We can indeed multiply $a_2$ by $2500000^2$, $a_3$ by $25000^3$, $a_4$ by $500^4$ to get:

$\begin{aligned} 2500000^2 a_2 &= 156250000000000 =& 7500000^2 + 10000000^2 \\ 25000^3 a_3 &= 156250000000000 =& 25000^3 + 25000^3 + 50000^3 \\ 500^4 a_4 &= 156250000000000 =& 2500^4 + 2500^4 + 2500^4 + 2500^4 \end{aligned}$

Thus $156250000000000 \in F_2 \cap F_3 \cap F_4$.

Finding the multipliers above ($2500000^2, 25000^3, 500^4$) can be done by solving simple modular equations. Suppose the multipliers are $m_2^2, m_3^3, m_4^4$ for $a_2, a_3, a_4$ respectively. Then,

• $m_2 = 2^{m_{2,2}} 5^{m_{2,5}} k_2$
• $m_3 = 2^{m_{3,2}} 5^{m_{3,5}} k_3$
• $m_4 = 2^{m_{4,2}} 5^{m_{4,5}} k_4$
• $2 m_{2,2} + 0 = 3 m_{3,2} + 1 = 4 m_{4,2} + 2$ (the exponents of the $2$: $25, 10, 2500$ has $0, 1, 2$ as the exponent of the $2$ respectively)
• $2 m_{2,5} + 2 = 3 m_{3,5} + 1 = 4 m_{4,2} + 4$ (the exponents of the $5$)
• $k_2^2 = k_3^3 = k_4^4$ (the remaining factor)

Note that for each prime factor, we have one degree of freedom. We can use modular arithmetic to figure out what values that any one particular variable can take; we simply choose any of them, which will propagate to the rest. In this case, we happen to select $m_{2,2} = 5, m_{3,2} = 3, m_{4,2} = 2$ and $m_{2,5} = 7, m_{3,5} = 5, m_{4,5} = 3$ as the smallest solution. Also, we can simply choose $k_i = 1$ that satisfies everything; we can in fact choose $k_i = a^{k!/i}$ for any $a$, as given in my previous comment to give infinitely many solutions.

(Yes, I'm still not that good in LaTeX. Someone can fix up the aligning?)

Because the notation is so awful, let me rephrase it: $F_k$ is the set of positive integers that can be represented as $a_1^k + a_2^k + a_3^k + \ldots + a_k^k$ where $a_1, a_2, a_3, \ldots, a_k$ are positive integers. The conjecture is thus $F_2 \cap F_3 \cap F_4 \cap \ldots \cap F_k$ is infinite for any positive integer $k$.

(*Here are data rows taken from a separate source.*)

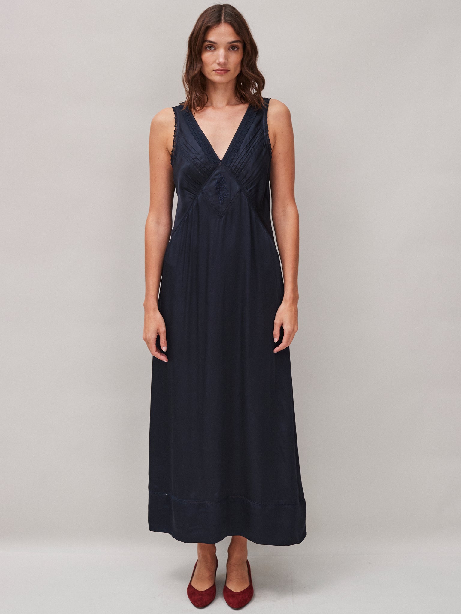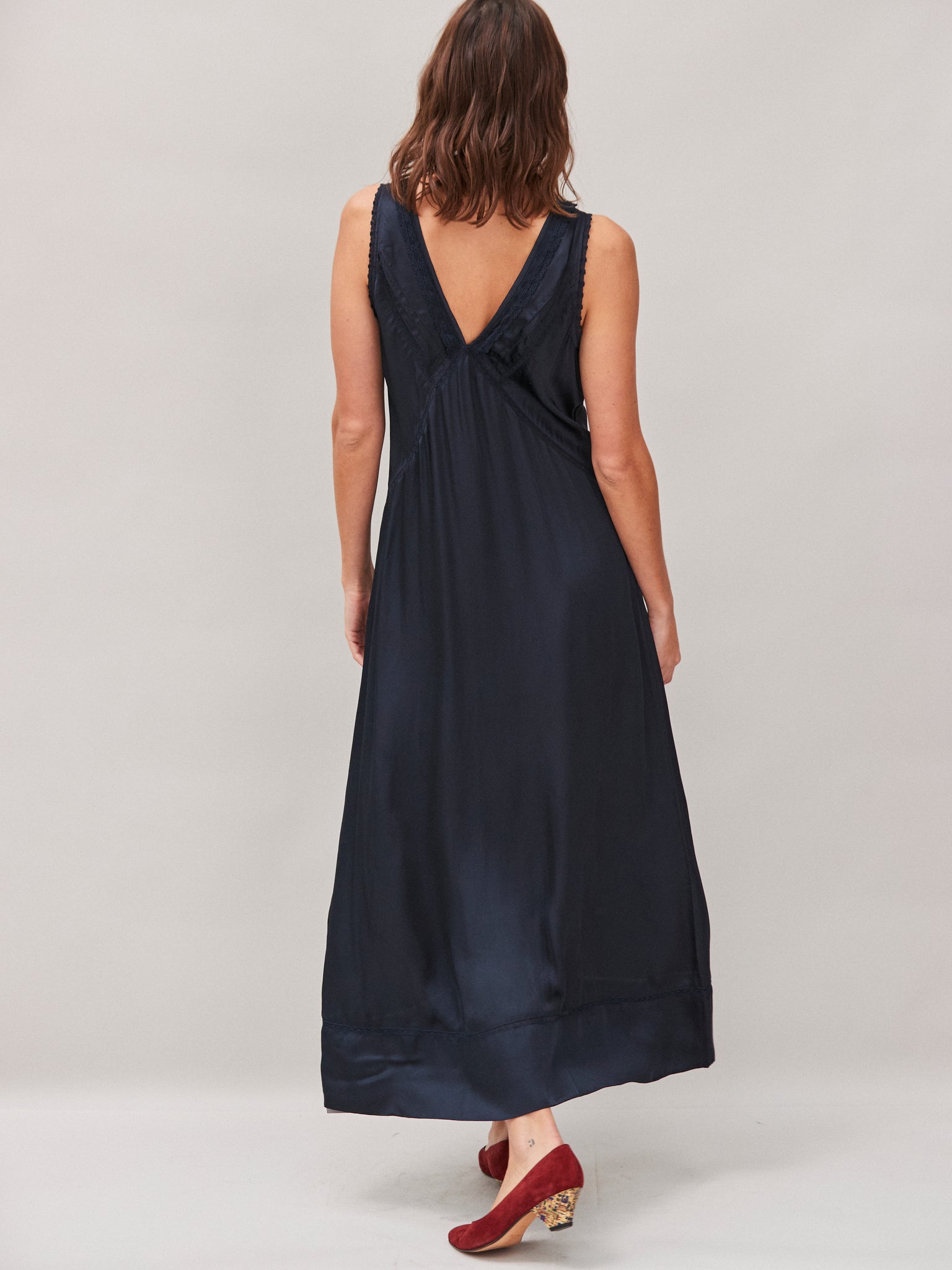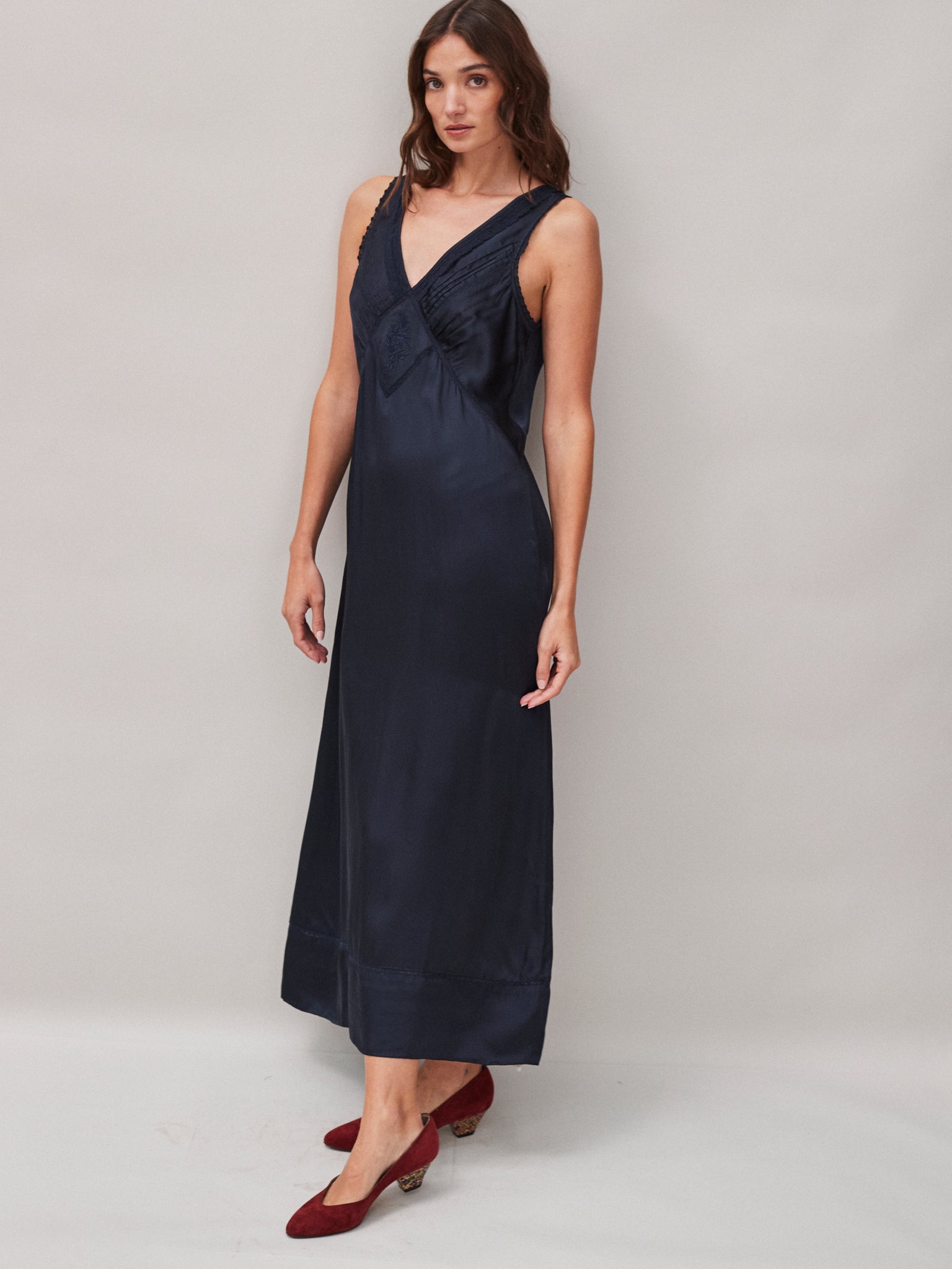 Primrose vintage inspired slip dress, INK blue | Modal satin
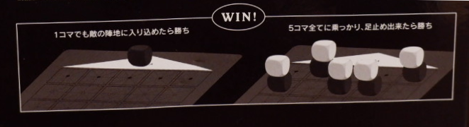 プレイヤーは、自分のコマを相手の陣地にゴールする、または、相手のすべてのコマに自分のコマを乗っけることで勝利します。
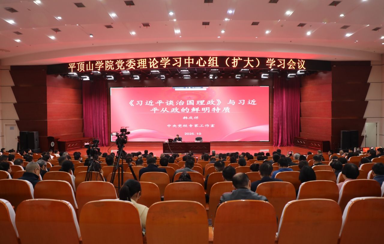 为深刻领悟习近平新时代中国特色社会主义思想的真理力量和实践伟力,持续增强学思想、悟思想、用思想的自觉性和坚定性,10月22日上午,党委书记华小鹏在湖滨校区中心会议室主持召开党委理论学习中心组(扩大)学习会议,特邀中共中央党校(国家行政学院)博士生导师、国家一级教授、第十八届中央政治局第11次集体学习主讲专家韩庆祥作专题辅导报告。校领导郭秋平、许建辉、李波、于长立、郑东丽、史永昌,全校科级以上干部及马克思主义学院全体教师参加会议。
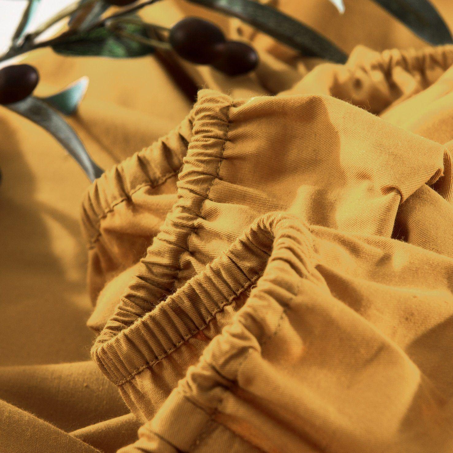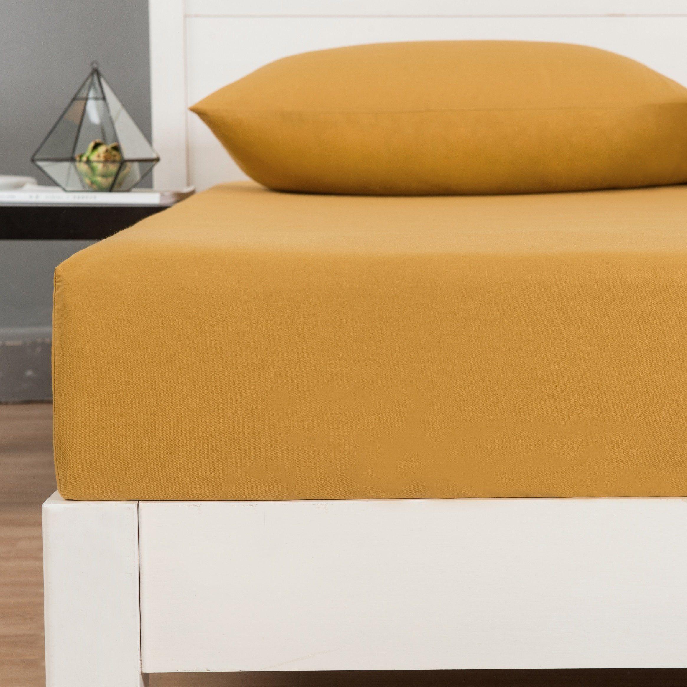 This fitted sheet set is a solid warm toned honey yellow shade with a 14” standard pocket in this modern yet

The easier part is that if said intersection is non-empty, then it is infinite. If $n \in F_2 \cap \ldots \cap F_k$, then $a^{k!}n \in F_2 \cap \ldots F_k$ for all positive integer $a$, because if $n = a_1^i + a_2^i + \ldots + a_i^i$ then $a^{k!}n = (a^{k!/i}a_1)^i + (a^{k!/i}a_2)^i + \ldots + (a^{k!/i}a_i)^i$. Thus now the problem is reduced to proving that said intersection is non-empty.

Vikram, this sounds like the kind of problem which proof you've written down somewhere in the margin of a book, right? This is similar to, but unfortunately too different from, Waring's Problem.